T. J. Jackson

No. 22
- Position: Wide receiver

Personal information
- Born: February 28, 1943 Cordele, Georgia
- Died: March 25, 2007 (aged 64) Rochester, New York
- Listed height: 6 ft 0 in (1.83 m)
- Listed weight: 180 lb (82 kg)

Career information
- College: Illinois
- NFL draft: 1966: undrafted

Career history
- Philadelphia Eagles (1966); Washington Redskins (1967);

Awards and highlights
- All-American; Held Collegiate record 100 m dash (10.1); Frontier Walk of Fame;

Career NFL statistics
- Games played: 6
- Kick returns: 8
- Yards: 147
- Stats at Pro Football Reference

= T. J. Jackson (wide receiver) =

American football player (1943–2007)

Trenton James Jackson (February 28, 1943 - March 25, 2007) was an American professional football wide receiver in the National Football League for the Philadelphia Eagles and the Washington Redskins. He played college football at the University of Illinois.

==Early life==
Jackson was born in Cordele, Georgia to James and Evelyn Jackson and is the eldest of seven children. The family later moved to Rochester, New York, where he attended Benjamin Franklin High School, where he set the National High School Record in the 100 yard dash (9.4).

==College career==
Jackson then attended and played college football at University of Illinois, where he was voted an All-American. While there, he was a Big Ten and Rose Bowl champion, and lettered in track, football, basketball, and baseball. In 1964, he won the Big Ten 100 yard Dash in 9.5, the 220 yard dash in 21.3, and anchored the championship 440 yard relay. He also won the NCAA 4x110 yard relay championship, set the National Collegiate Record in the 100 meter dash (10.1), won the AAU 100 meter championship and then participated in the US Olympic Trials 100 meter dash. After, he represented the United States at the 1964 Summer Olympics in Tokyo, Japan and became a member of Omega Psi Phi fraternity. In 1965, he finished third at the NCAA 60 yard dash. Then, he led Illinois to the 4x440 yard relay championship at the outdoor Big Ten championship. Jackson's record for the 100 meters held at Illinois for 40 years.

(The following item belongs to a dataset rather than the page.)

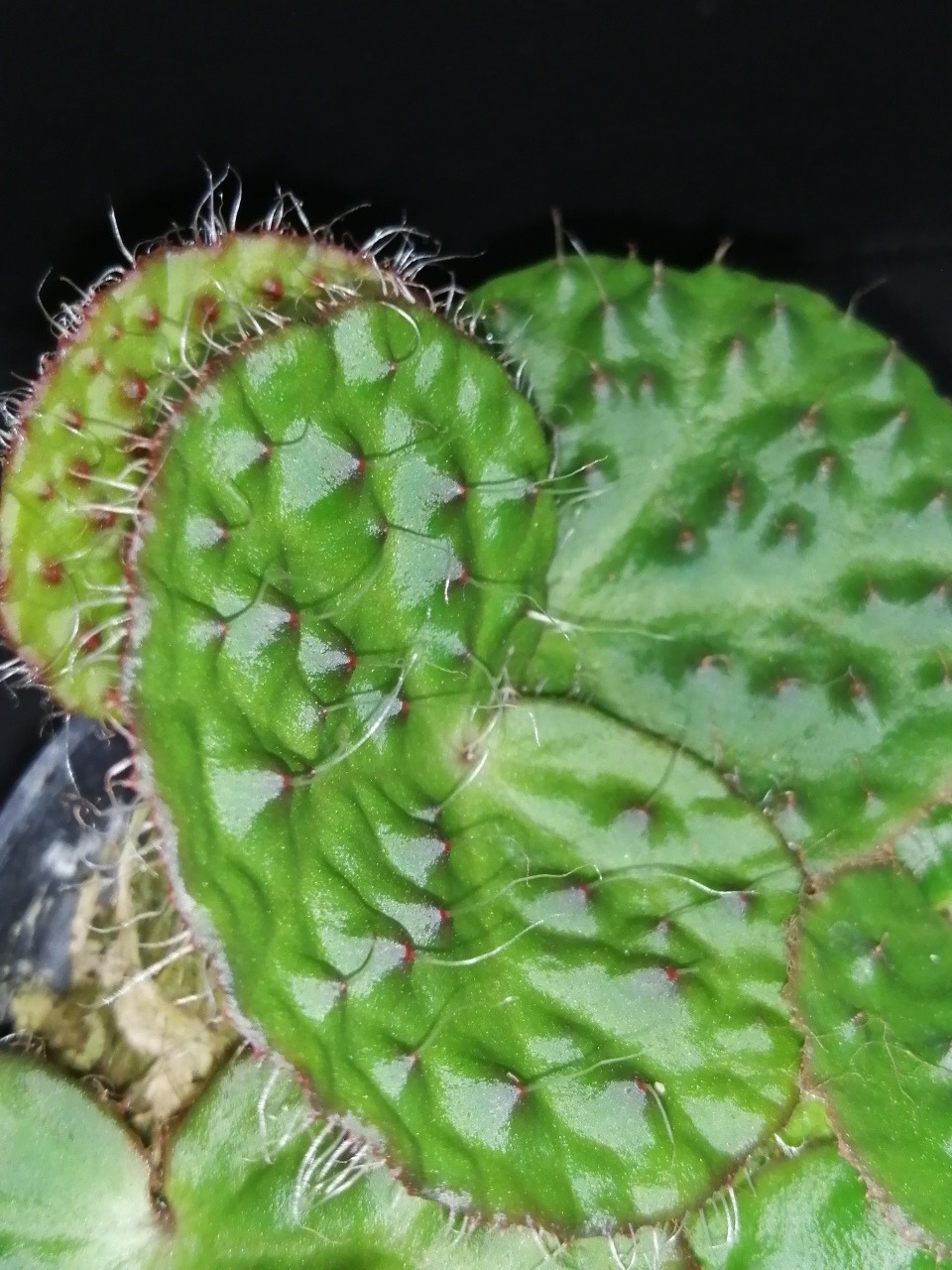 Begonia nahangensis è un piccolo gioiello, una specie originaria di un piccolo areale del Vietnam. E’ una begonia in miniatura che preferisce vivere nell’atmosfera calda e umida di un terrario, anche se con qualche accortezza può essere coltivata normalmente. Piccola, raggiunge appena i 10cm di altezza, cattura la nostra attenzione per le sue spettacolari foglie che ricordano un poco la B. ferox, ma in miniatura.

==Professional sports career==
In 1966, Jackson was drafted by the St. Louis Cardinals baseball team. However, he chose to play football in the National Football League for the Philadelphia Eagles and then the Washington Redskins.

==Personal==
Jackson married Pamela Kittelberger and had four children. After retiring from football, Jackson taught in the Rochester City School District for over 30 years. Also a sports coach, Jackson was inducted into the Section V Track and Field, Football, and Basketball Hall of Fames as a player and coach. Jackson died on March 25, 2007.

==Honors==
Jackson was inducted as an inaugural member of the Frontier Walk of Fame in 1997 and was then an inaugural member of the Niagara Track & Field Hall of Fame in 1998.
Trentons high school football field was dedicated to him and is now named “The Trenton Jackson sports complex”.
Along with Clinton Baden Recreation center being named after he and his wife, Pamela Jackson.